• Post Reply Bookmark Topic Watch Topic
  • New Topic

multithreaded servlet

 
Joe Areeda
Ranch Hand
Posts: 333
2
Java Netbeans IDE Tomcat Server
  • Mark post as helpful
  • send pies
  • Quote
  • Report post to moderator
I'm working on improving the performance of several servlets.

What we have is more like an enterprise app with a web interface than a web site as some operations take minutes. Our users are more than happy with that kind of response because they understand what is being done and the alternatives are comparable in speed but not as easy to access.

I've described the app before and the Ranch has been very helpful. The short version is: we have multiple backend servers spread across the country with a 2PB data store soon to grow at about a PB/year. This app figures out which server is "best" for a request, transfers data analyses and plots, downloads, or plays as audio.

The simplest operation I would like to parallelize is data discovery. Right now we have a local database that keeps track of which backend servers have which channels but not what data is available for those channels. So the process is guess which backend is best, try it, if it fails try the next best...

The backend servers have just implemented a "check if data is available without transferring anything" operation. This process takes maybe 2 seconds, which BTW is a big improvement.

What I'd like to do is to ask all of them at once "what do you have for me". The process is mostly I/O wait time so server load (our app) is not an issue. Only the single method is multithreaded, the servlet itself is one thread controlled by the container (per instance of course).

I've read that multithreaded servlets are a big no-no but it's not clear to me whether this scenario could cause problems or violates any of the best practices.

I appreciate any comments and all suggestions.

Best,
Joe
 
Joe Areeda
Ranch Hand
Posts: 333
2
Java Netbeans IDE Tomcat Server
  • Mark post as helpful
  • send pies
  • Quote
  • Report post to moderator
After posting this, I see I forgot to mention the alternative.

This app already cal;s many external programs to do the heavy lifting, most of them in languages other than Java.

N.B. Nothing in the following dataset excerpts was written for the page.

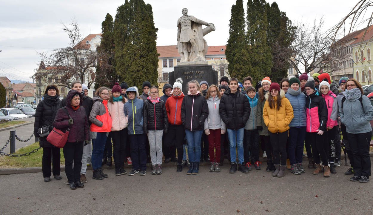 A Székely Mikó Kollégium VII. A osztálya már második alkalommal kapcsolódott be a programba. Ezelőtt két évvel Erdővidékre látogattunk el, most a célunk Felsőháromszék bebarangolása volt. Erre a kirándulásra iskolánk VII. C osztályával indultunk el az elmúlt hétvégén. A fagyos időjárástól való félelmünket legyőzte a kalandvágyunk, így korán reggel meleg ruhával felfegyverkezve indultunk el Gábor Áron nyomába.
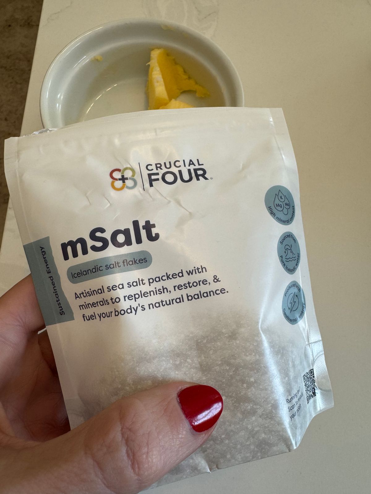 "I love Crucial FOUR's Icelandic Salt, not only is it tested for heavy metals and microplastics, it’s the tastiest, nutrient-dense salt I have ever had. I love adding a pinch in my water to keep my electrolytes balanced and be hydrated in the best way!"
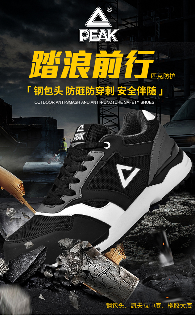 这款匹克运动鞋是一双劳保鞋,钢包头、凯夫拉中底、橡胶大底,防砸、防穿刺、防滑透气。鞋头采用钢头包头加固设计,防砸脚趾,同时打造宽松的前掌鞋舱,舒适不挤脚。
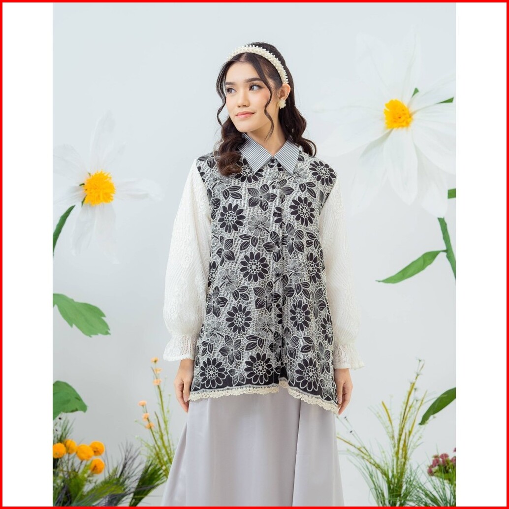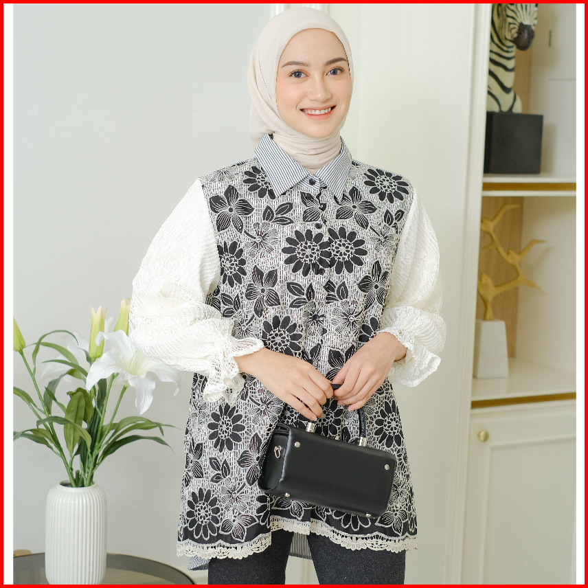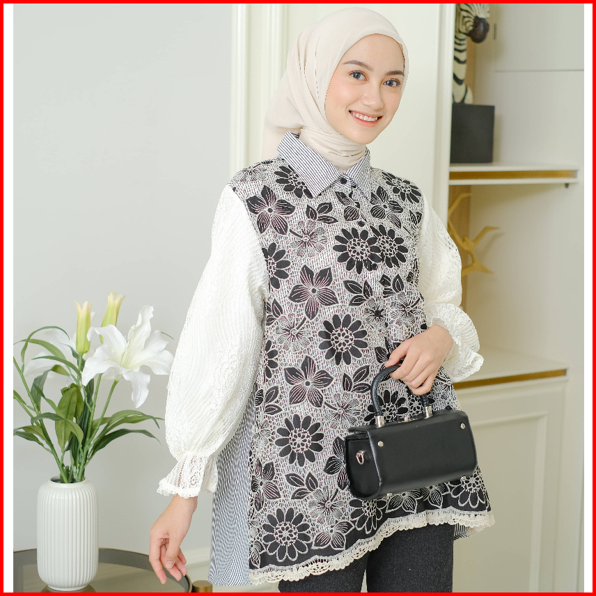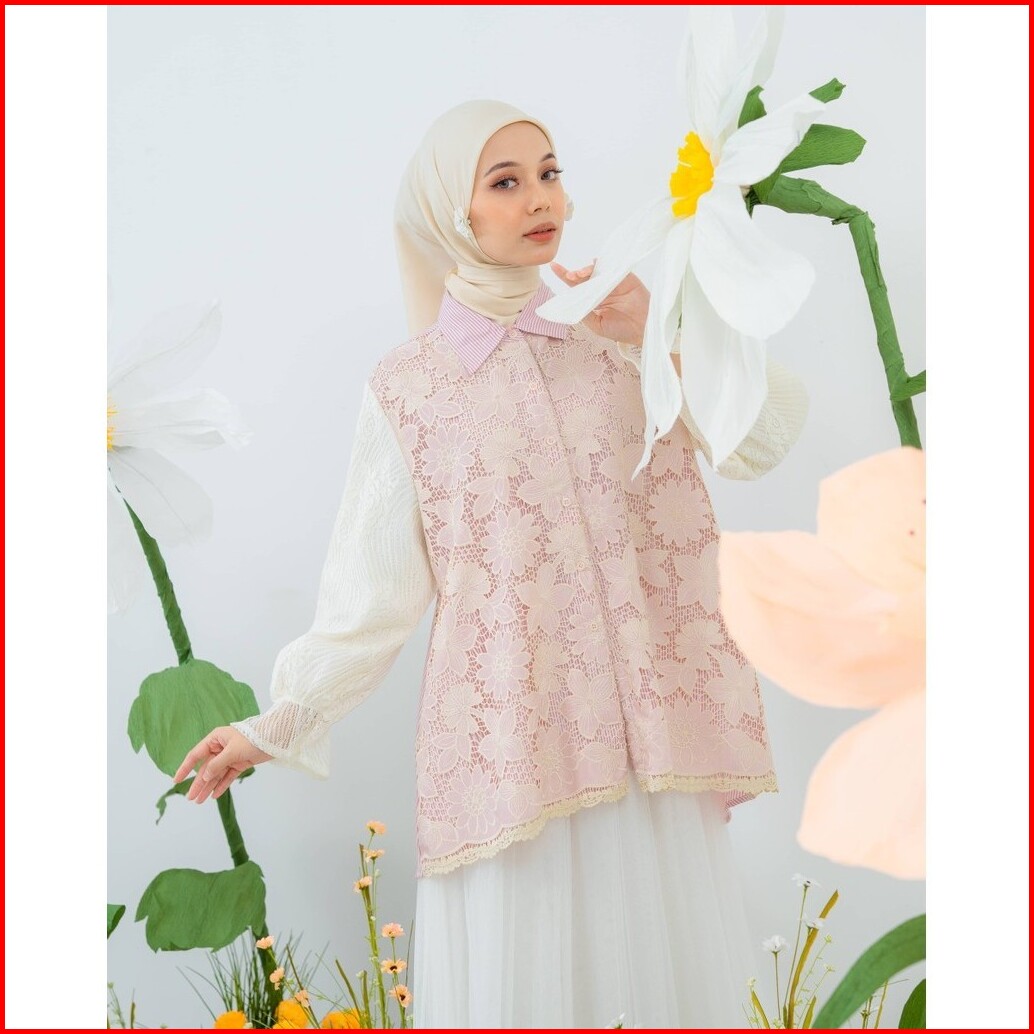 Mayoutfit Kana Shirt Kemeja Wanita Exclusive Lace Series Brukat Kombinasi Katun
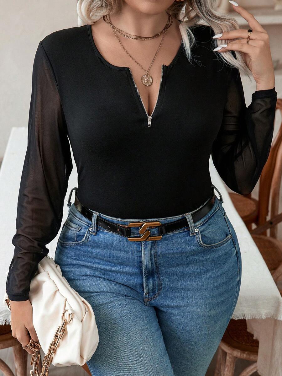 SHEIN Privé Plus Contrast Mesh Sleeve Half Zip Tee

Rather than a simple multi-threaded method this could be done with an external executable, however, I don't see the advantages beyond satisfying the "don't play with threads in a servlet" requirement/recommendation. The disadvantage is it's a lot more work and if it's done in Java (easy) vs. C++ (harder but not unreasonable) there's the JVM start up time and memory requirements.

Joe
 
Stefan Evans
Bartender
Posts: 1822
10
  • Mark post as helpful
  • send pies
  • Quote
  • Report post to moderator
>Only the single method is multithreaded, the servlet itself is one thread controlled by the container (per instance of course).

The "per instance of course" comment worries me a little.
As I understand it, Servlets are multithreaded by default. An instance of a servlet can have multiple threads running through it at one time , which is why you don't use instance variables in them.
Does this mean you have implemented SingleThreadModel on your servlets?
Perhaps you mean one thread per request?


In terms of you plam. I'm wondering how you envision this working
You poll all of the servers asking "what have you got"

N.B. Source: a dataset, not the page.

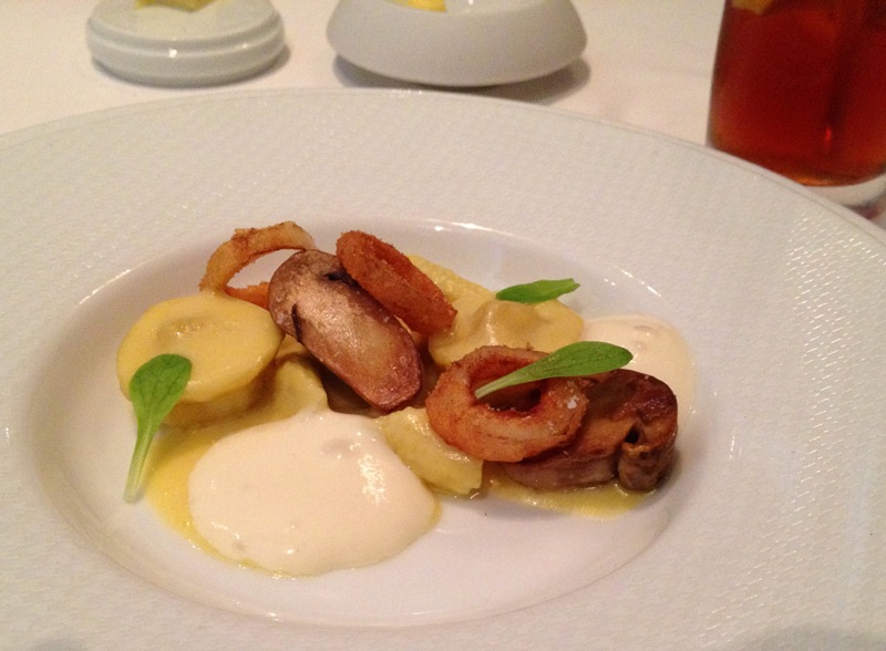 Marscapone-Enriched Sunchoke Tortellini – roasted Oregon cèpes, Cope’s corn pudding, young corn confit, arrowleaf spinach, and vidalia onion soubise.
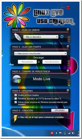 Linux Live USB Creator permite crear directamente un Live USB con la distribución Linux que queramos y cargarlo en un pen USB.

Do you wait for all the responses to come back before continuing?
What if one of them fails to respond?
What about errors/exceptions?


What you have described sounds justifiable to me.
It might be better implemented as a seperate service that your servlets invoke. That keeps the puritans happy by wrapping the threads in another layer.
The servlet shouldn't have to care that the service is multithreaded as long as it gets the information it asks for.
You might consider using the Servlet 3.0 async calls if you aren't already.

my 2 cents in any case
 
Joe Areeda
Ranch Hand
Posts: 333
2
Java Netbeans IDE Tomcat Server
  • Mark post as helpful
  • send pies
  • Quote
  • Report post to moderator
Thanks Stefan,

Stefan Evans wrote:>Only the single method is multithreaded, the servlet itself is one thread controlled by the container (per instance of course).

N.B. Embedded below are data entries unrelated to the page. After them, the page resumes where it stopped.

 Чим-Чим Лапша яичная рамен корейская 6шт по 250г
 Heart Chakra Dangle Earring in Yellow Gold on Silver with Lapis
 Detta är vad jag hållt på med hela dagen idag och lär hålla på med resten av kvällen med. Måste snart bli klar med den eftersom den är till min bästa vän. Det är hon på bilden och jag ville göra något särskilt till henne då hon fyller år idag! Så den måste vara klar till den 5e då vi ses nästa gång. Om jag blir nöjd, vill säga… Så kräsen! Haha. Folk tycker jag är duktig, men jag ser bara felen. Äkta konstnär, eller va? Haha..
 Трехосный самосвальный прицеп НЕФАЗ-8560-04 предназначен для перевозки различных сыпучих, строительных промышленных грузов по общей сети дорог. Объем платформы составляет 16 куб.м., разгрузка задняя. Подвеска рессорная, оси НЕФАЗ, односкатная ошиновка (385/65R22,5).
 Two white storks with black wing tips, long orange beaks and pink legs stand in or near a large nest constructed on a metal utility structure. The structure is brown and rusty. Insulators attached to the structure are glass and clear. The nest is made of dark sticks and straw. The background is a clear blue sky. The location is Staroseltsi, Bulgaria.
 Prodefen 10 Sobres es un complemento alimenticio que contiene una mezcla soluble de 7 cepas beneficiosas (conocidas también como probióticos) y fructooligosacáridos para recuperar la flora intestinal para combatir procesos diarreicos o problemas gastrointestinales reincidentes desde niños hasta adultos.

The "per instance of course" comment worries me a little.
As I understand it, Servlets are multithreaded by default. An instance of a servlet can have multiple threads running through it at one time , which is why you don't use instance variables in them.
Does this mean you have implemented SingleThreadModel on your servlets?
Perhaps you mean one thread per request?

I am currently reading Java Web Services: Up and Running by Martin Kalin. He says "A web server such as Tomcat can arbitrarily many instances of a servlet". But you are right it is one thread per request, I was unclear.

Stefan Evans wrote:
In terms of you plam. I'm wondering how you envision this working
You poll all of the servers asking "what have you got"

Do you wait for all the responses to come back before continuing?
What if one of them fails to respond?
What about errors/exceptions?

The plan is to either wait until they all respond or when one succeeds we kill the others. There is a timeout on each request. Errors and exceptions at this level are the same as data not available
Stefan Evans wrote:
What you have described sounds justifiable to me.
It might be better implemented as a seperate service that your servlets invoke. That keeps the puritans happy by wrapping the threads in another layer.
The servlet shouldn't have to care that the service is multithreaded as long as it gets the information it asks for.
You might consider using the Servlet 3.0 async calls if you aren't already.

my 2 cents in any case


Thanks again. I am not using the async calls, I'll have to read up on them.

Best,
Joe
 
Tim Holloway
Bartender
Posts: 18418
60
Android Eclipse IDE Linux
  • Mark post as helpful
  • send pies
  • Quote
  • Report post to moderator
Servlets do not run as threads, and therefore are forbidden from spawning threads.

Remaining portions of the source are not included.